La terre a tremblé au Maroc dans la nuit du vendredi 8 au samedi 9 septembre 2023. Cinq jours plus tard, le bilan se monte à 2900 morts et 5500 blessés. Malgré les propositions d’aide internationales, seuls quatre pays « amis » ont été autorisés à intervenir officiellement sur place : Espagne, Qatar, Royaume-Uni et Émirats. La France, les États-Unis et d’autres ont proposé leurs équipes de secours, mais les autorités marocaines ont déclaré ne pas en avoir besoin, ce qui est leur droit le plus strict. Cependant, des ONG et des bénévoles français travaillent sur place, sans drapeau.
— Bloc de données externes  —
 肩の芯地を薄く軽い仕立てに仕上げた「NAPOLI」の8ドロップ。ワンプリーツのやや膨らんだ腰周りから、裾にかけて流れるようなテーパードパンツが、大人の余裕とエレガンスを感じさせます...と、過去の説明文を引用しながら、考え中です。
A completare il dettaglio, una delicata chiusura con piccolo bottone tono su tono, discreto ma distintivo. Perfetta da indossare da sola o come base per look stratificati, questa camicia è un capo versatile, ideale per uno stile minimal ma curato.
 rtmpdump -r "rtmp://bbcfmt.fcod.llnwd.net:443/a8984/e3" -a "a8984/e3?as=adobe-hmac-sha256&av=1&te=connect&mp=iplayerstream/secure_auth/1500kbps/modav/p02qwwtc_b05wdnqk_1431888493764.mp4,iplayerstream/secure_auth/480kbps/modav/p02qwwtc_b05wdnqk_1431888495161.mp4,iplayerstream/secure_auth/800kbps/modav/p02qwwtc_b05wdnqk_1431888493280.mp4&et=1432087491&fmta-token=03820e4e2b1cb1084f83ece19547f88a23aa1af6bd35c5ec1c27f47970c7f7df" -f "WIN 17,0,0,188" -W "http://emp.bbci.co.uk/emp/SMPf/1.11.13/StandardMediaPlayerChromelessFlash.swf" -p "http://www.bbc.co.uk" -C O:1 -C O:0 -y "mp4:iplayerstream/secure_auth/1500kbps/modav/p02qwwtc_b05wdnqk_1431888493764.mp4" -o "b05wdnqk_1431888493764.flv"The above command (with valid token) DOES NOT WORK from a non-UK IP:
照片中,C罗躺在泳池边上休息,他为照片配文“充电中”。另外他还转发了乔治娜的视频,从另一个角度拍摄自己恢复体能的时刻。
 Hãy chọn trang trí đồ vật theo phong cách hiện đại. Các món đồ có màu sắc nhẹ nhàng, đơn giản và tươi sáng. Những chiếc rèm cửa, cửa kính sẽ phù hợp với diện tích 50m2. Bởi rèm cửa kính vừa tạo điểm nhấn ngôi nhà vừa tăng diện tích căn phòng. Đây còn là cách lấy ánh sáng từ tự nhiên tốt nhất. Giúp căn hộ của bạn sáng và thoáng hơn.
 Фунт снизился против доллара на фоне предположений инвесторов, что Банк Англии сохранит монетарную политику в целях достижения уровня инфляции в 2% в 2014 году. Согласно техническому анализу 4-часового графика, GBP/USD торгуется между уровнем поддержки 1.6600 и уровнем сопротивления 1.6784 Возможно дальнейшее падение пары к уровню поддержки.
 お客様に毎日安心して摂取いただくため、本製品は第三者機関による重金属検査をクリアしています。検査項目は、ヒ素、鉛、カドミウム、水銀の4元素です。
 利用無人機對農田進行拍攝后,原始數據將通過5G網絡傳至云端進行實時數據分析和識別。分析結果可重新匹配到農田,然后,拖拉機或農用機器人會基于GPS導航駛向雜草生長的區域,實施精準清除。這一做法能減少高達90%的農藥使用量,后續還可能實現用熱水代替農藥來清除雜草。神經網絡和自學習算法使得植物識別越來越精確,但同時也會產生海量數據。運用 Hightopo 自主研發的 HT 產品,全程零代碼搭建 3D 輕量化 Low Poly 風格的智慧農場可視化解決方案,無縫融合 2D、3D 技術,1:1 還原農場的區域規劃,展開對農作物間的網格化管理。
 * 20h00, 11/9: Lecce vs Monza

Les raisons peuvent être politiques, mais aussi tout simplement pratiques : le système de secours national, rôdé par le dernier séisme (de 2004) se suffirait à lui-même. Le Maroc s’est considérablement développé, et entend prendre une place prépondérante en Afrique. Il ne veut pas être considéré comme un pays du « tiers-monde ». On rappelle que le grand séisme de 1960, qui a détruit Agadir, avait fait 12 000 morts, soit un tiers de la population de la ville. Le correspondant de France Inter de l’époque décrit la scène :
« La ville semble avoir été soumise à un bombardement quand on l’aperçoit d’avion, comme j’ai pu le faire ce matin à bord de l’avion royal. Le véritable drame, est au sol et chaque maison est fissurée, écaillée, fêlée. Les vitrines ont volé en éclats. Des immeubles dont la silhouette pouvait rassurer là-haut vue d’avion, ne sont plus maintenant que des masses inquiétantes. Ce sont des carcasses vides et certains menacent de s’écrouler. On peut estimer que 70 % environ de la population est touchée, sinistrée, blessée ou parfois morte. » (France Info)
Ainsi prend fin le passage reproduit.